"Dont want to lie and say i cant get out"
Yes, I understand your situation and I'd like to give you the best advice I can. It might not be the most popular and it is my own opinion, but I believe it is accurate and thorough. I was in the Navy, in the nuclear power program. I also was a field recruiter and a Nuclear Field recruiter.
First, it might seem that people are encouraging you to become independent. I don't believe they fully comprehend how tight-knit Asian families are. It's just something you grow up with. Even if the family doesn't outwardly portray itself as Chinese or Japanese or Vietnamese in order to better integrate into American society, family values are something that are always there. Yes, on one level, your parents will be proud of you. However, I don't know your family in order to say for sure. My parents seemed supportive although they had no say in my decision (I was 24 and was living on my own), but I later have come to realize that my mother was very upset and my decision affected her greatly. She had hopes that I would become a doctor like my grandfather. Both my parents are college-educated and assumed that I would complete my degree before entering into a profession. If your parents don't have those kind of goals, it may not affect them as much as it affected mine.

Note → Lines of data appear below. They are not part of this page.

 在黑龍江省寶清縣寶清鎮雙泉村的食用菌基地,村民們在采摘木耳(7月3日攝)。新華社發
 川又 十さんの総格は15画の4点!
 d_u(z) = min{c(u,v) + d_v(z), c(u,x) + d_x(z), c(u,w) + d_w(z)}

Right now, you basically have a gentleman's agreement with the Navy. They have agreed that if you enlist at the end of your DEP period, you will get the training you were promised when you agreed to enter DEP. You have given your word, much as an athlete who has signed a letter of intent to a certain college. Your time in DEP does not count toward your time in service.

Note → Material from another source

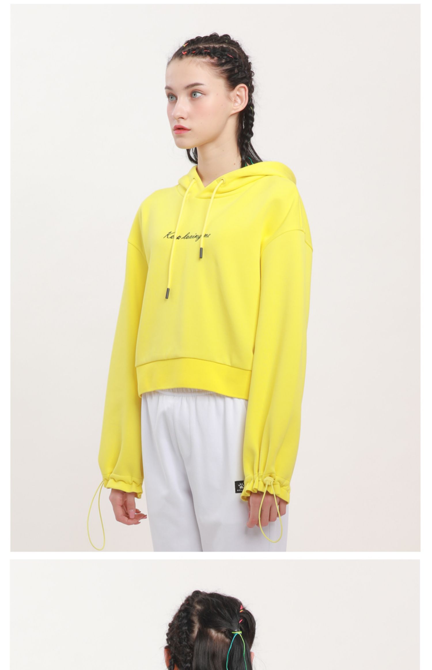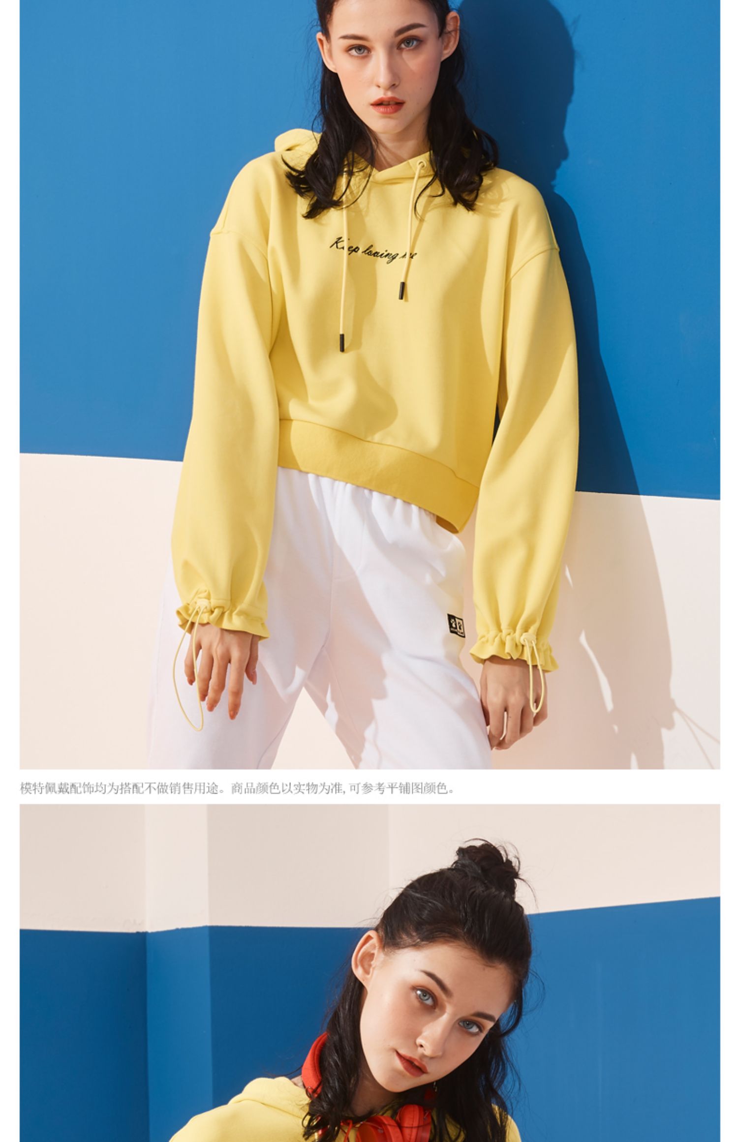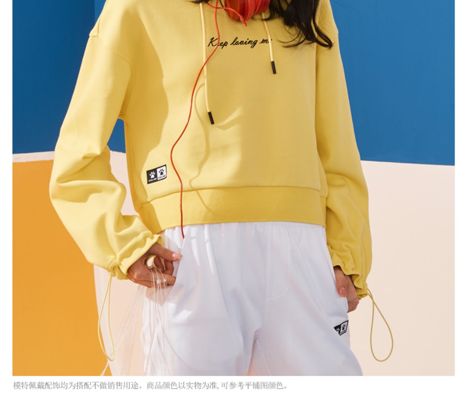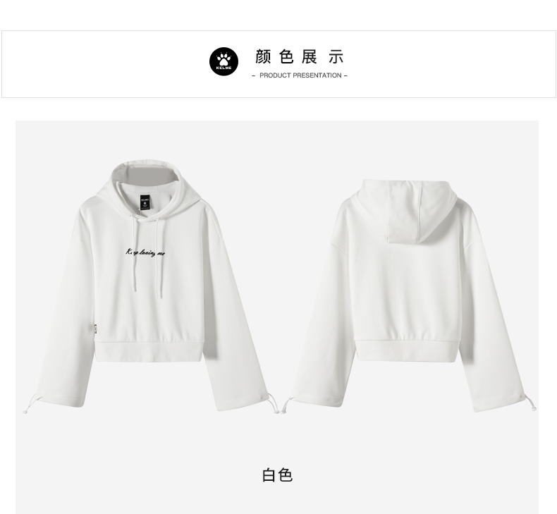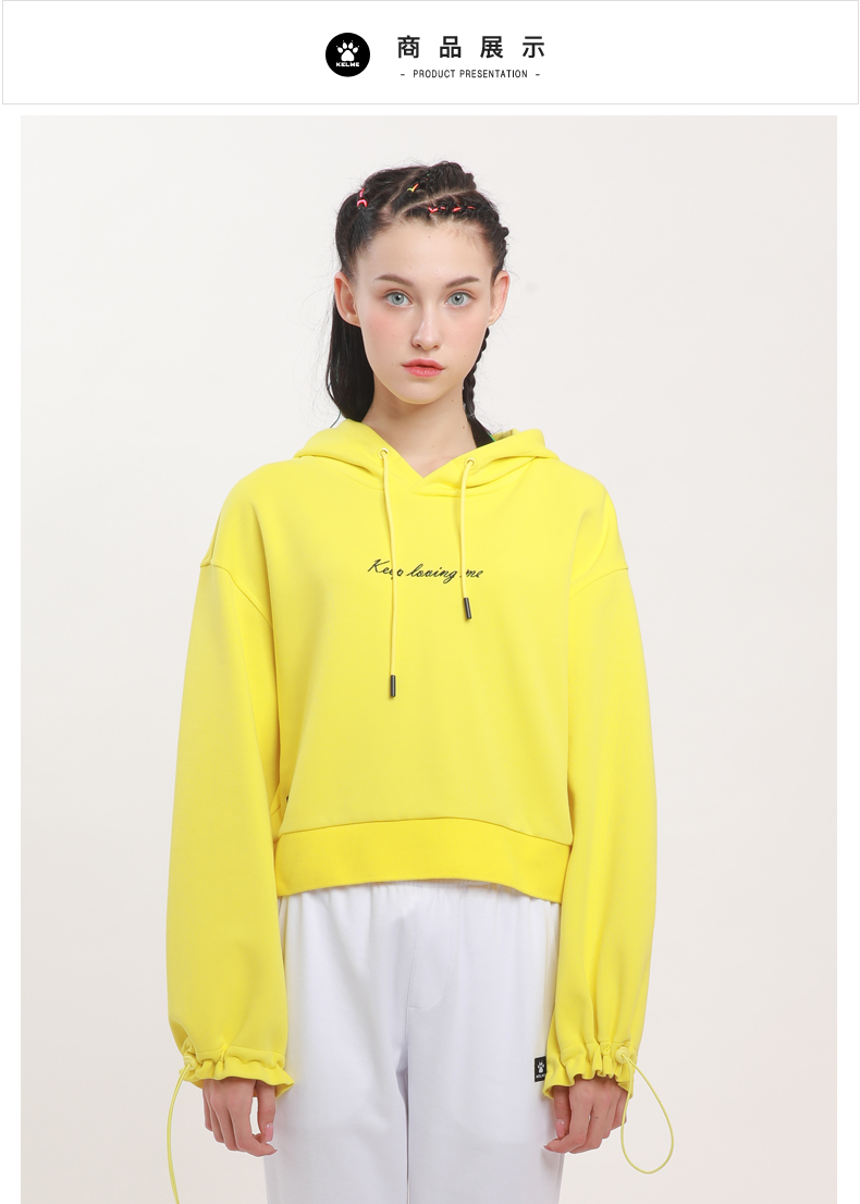 kelme卡尔美 夏季连帽套头木耳边字母卫衣女高腰宽松休闲上衣

Having said that, you are not an active duty member of the armed forces until you raise your hand and take the oath immediately before shipping off to boot camp. Until then, you are not subject to the military code of justice. The military will not send anyone to get you. There is no effect on your civil record. You will not be excluded from any government grants or scholarships or other benefits. If you really want the official written policy, I am sure I can find it on the Internet, but forgive me if I don't want to do that right now. (I have homework I should be doing.)

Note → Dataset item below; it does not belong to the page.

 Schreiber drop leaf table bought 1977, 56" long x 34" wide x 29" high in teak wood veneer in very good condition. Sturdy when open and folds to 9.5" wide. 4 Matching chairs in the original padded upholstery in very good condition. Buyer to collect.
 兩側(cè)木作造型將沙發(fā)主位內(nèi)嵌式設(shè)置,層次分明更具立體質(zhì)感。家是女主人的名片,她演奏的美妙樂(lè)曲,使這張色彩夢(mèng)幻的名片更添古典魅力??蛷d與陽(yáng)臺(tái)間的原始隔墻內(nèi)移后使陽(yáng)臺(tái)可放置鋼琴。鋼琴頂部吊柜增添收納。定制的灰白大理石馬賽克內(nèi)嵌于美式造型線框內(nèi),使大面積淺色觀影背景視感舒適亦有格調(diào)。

Right now you don't have to do anything. If you don't show up, there is nothing your recruiter can do. However, I don't believe that is the best thing. Sure, it is part of your recruiter's job to deal with these things, but at the same time, I'm sure you don't like it when unexpected things happen. Just as you agreed that you were going to join the Navy on active duty on a certain date, your recruiter and his supervisor also told the Navy that they would provide a trainee both to the Navy and the nuclear training pipeline. I believe it is common courtesy to let your recruiter know of your situation as soon as possible so that he or she can fulfill his or her word to the Navy that they would have a recruit ready to go on that date. Well, you get the idea even if what I've said in this paragraph isn't strictly accurate.
My impression is that even if your parents have not brought up the subject, that doesn't mean they have just accepted the fact. Perhaps you can put it off until the time comes closer for you to graduate, but surely do not wait until the last minute and assume that your parents have accepted your decision.